Records drawn from a dataset:
━━━━━━━━━━━━━━━━

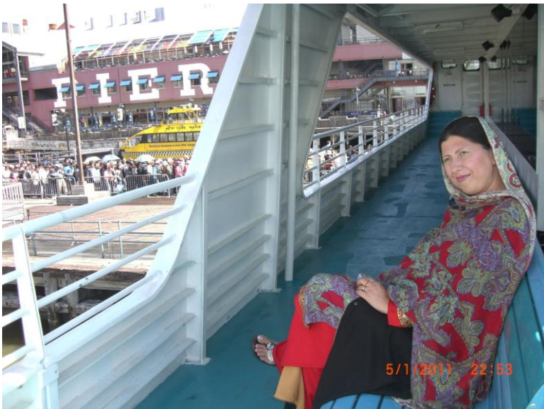
د کبنتی په اخري منزل کی د ناستی پر مهال
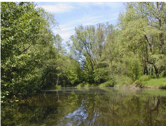
Stará řeka podruhé, v letním období, foto -vh-

výtoku do řeky Otavy má v období sucha jen pár centimetrů vody. Pobřežní rostlinstvo dostupnost bahna rádo využije a postupuje hlouběji a hlouběji do přirozeného odtoku. Časem může dojít k tomu, že se oba pásy pobřežního rostlinstva spojí,
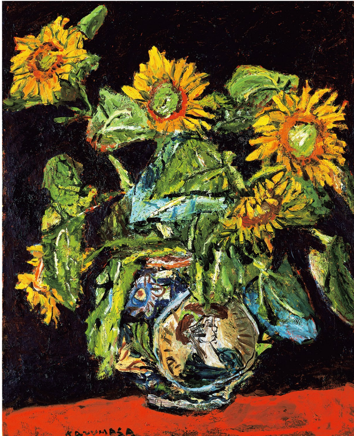
中川一政《向日葵》1982年、真鶴町立中川一政美術館蔵
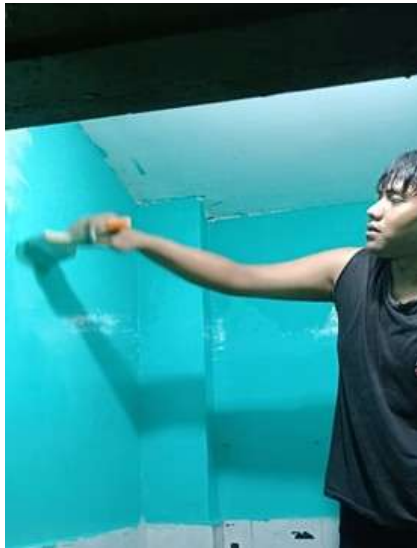
Gambar 5. Proses Pengecatan Dinding Kamar Mandi

Tahap selanjutnya adalah pengecatan dinding kamar mandi (Gambar 5). Setelah pengecatan selesai dilakukan, dinding terlihat lebih segar, bersih dan menarik. Selain itu, cat dinding memberikan perlindungan tambahan terhadap kerusakan dan kotoran. Terakhir, dilakukan finishing yaitu pengecatan pada sela-sela atau bagian-bagian kecil yang belum tercat, serta pembersihan pada area-area yang terlewatkan di tahap pengecatan sebelumnya (Gambar 6).
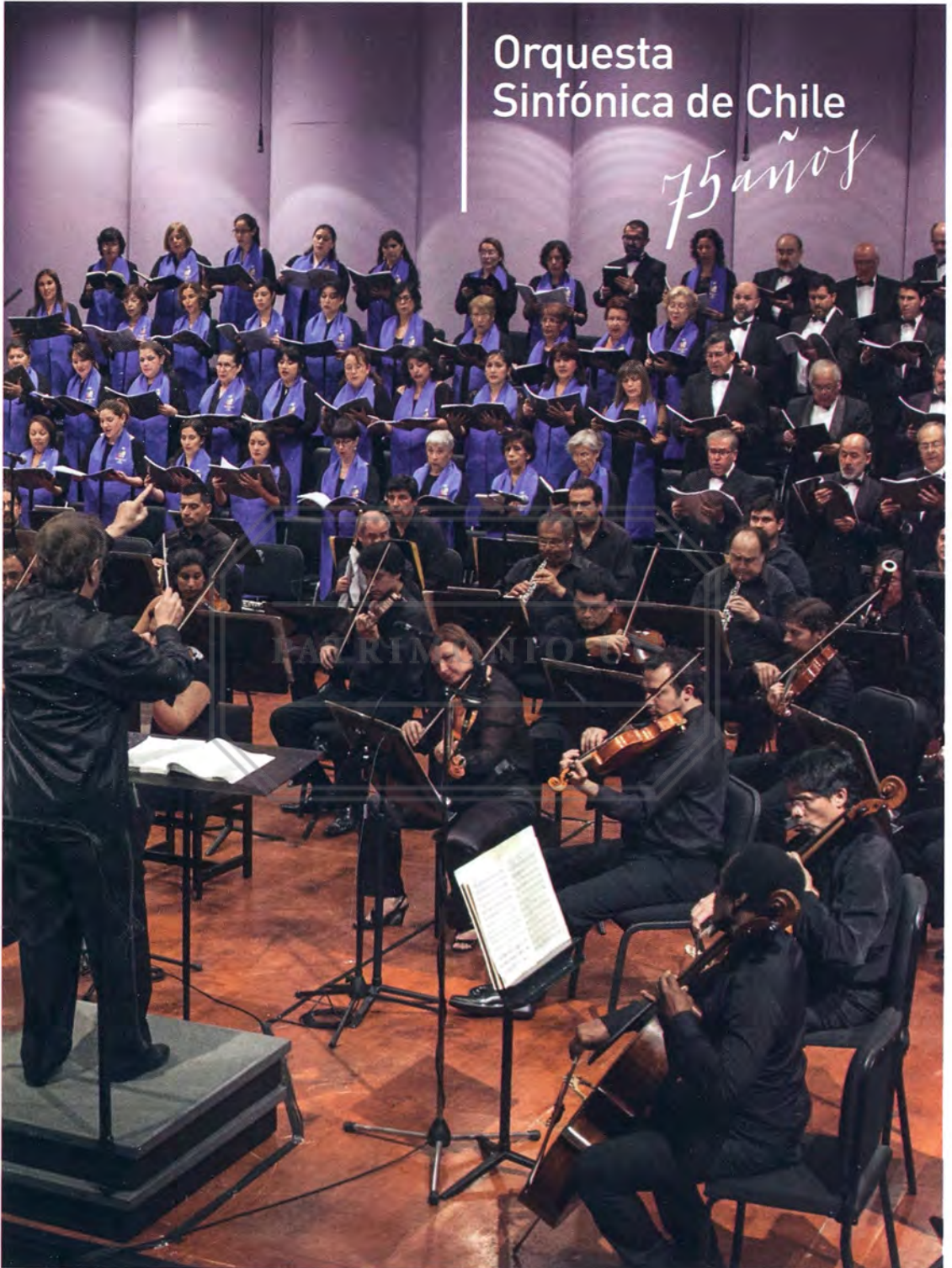
Leonid Grin dirigiendo al Coro Sinfónico y Orquesta Sinfónica de Chile
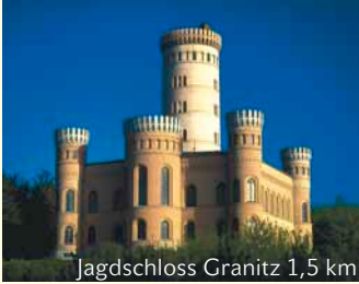
Jagdschloss Granitz 1,5 km
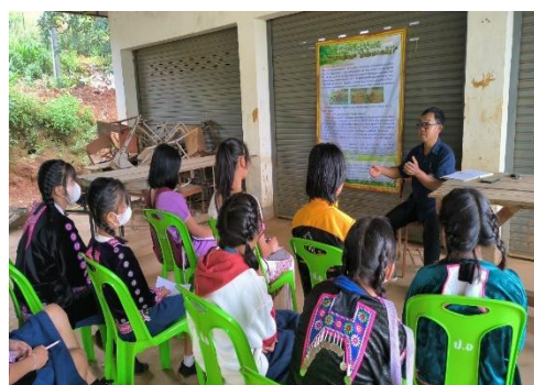
กิจกรรมปราชญ์ชาวบ้านถ่ายทอดทักษะเฉพาะทาง
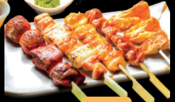
10 Xiên Yakitori 10 Moriawase
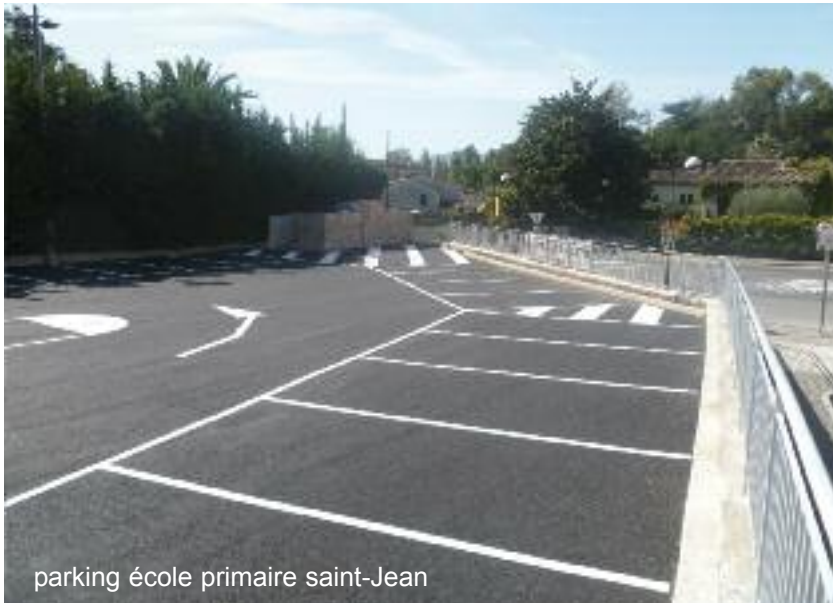
parking école primaire saint-Jean

Il convient de faire une première constatation, La Roquette souffre d'un manque chronique de parkings publics.

━━━━━━━━━━━━━━━━

• PROBLEM DESCRIPTION
Return the data above unchanged. Pictures are not part of the copy.

• ANSWER AREA
د کبنتی په اخري منزل کی د ناستی پر مهال
Stará řeka podruhé, v letním období, foto -vh-

výtoku do řeky Otavy má v období sucha jen pár centimetrů vody. Pobřežní rostlinstvo dostupnost bahna rádo využije a postupuje hlouběji a hlouběji do přirozeného odtoku. Časem může dojít k tomu, že se oba pásy pobřežního rostlinstva spojí,
中川一政《向日葵》1982年、真鶴町立中川一政美術館蔵
Gambar 5. Proses Pengecatan Dinding Kamar Mandi

Tahap selanjutnya adalah pengecatan dinding kamar mandi (Gambar 5). Setelah pengecatan selesai dilakukan, dinding terlihat lebih segar, bersih dan menarik. Selain itu, cat dinding memberikan perlindungan tambahan terhadap kerusakan dan kotoran. Terakhir, dilakukan finishing yaitu pengecatan pada sela-sela atau bagian-bagian kecil yang belum tercat, serta pembersihan pada area-area yang terlewatkan di tahap pengecatan sebelumnya (Gambar 6).
Leonid Grin dirigiendo al Coro Sinfónico y Orquesta Sinfónica de Chile
Jagdschloss Granitz 1,5 km
กิจกรรมปราชญ์ชาวบ้านถ่ายทอดทักษะเฉพาะทาง
10 Xiên Yakitori 10 Moriawase
parking école primaire saint-Jean

Il convient de faire une première constatation, La Roquette souffre d'un manque chronique de parkings publics.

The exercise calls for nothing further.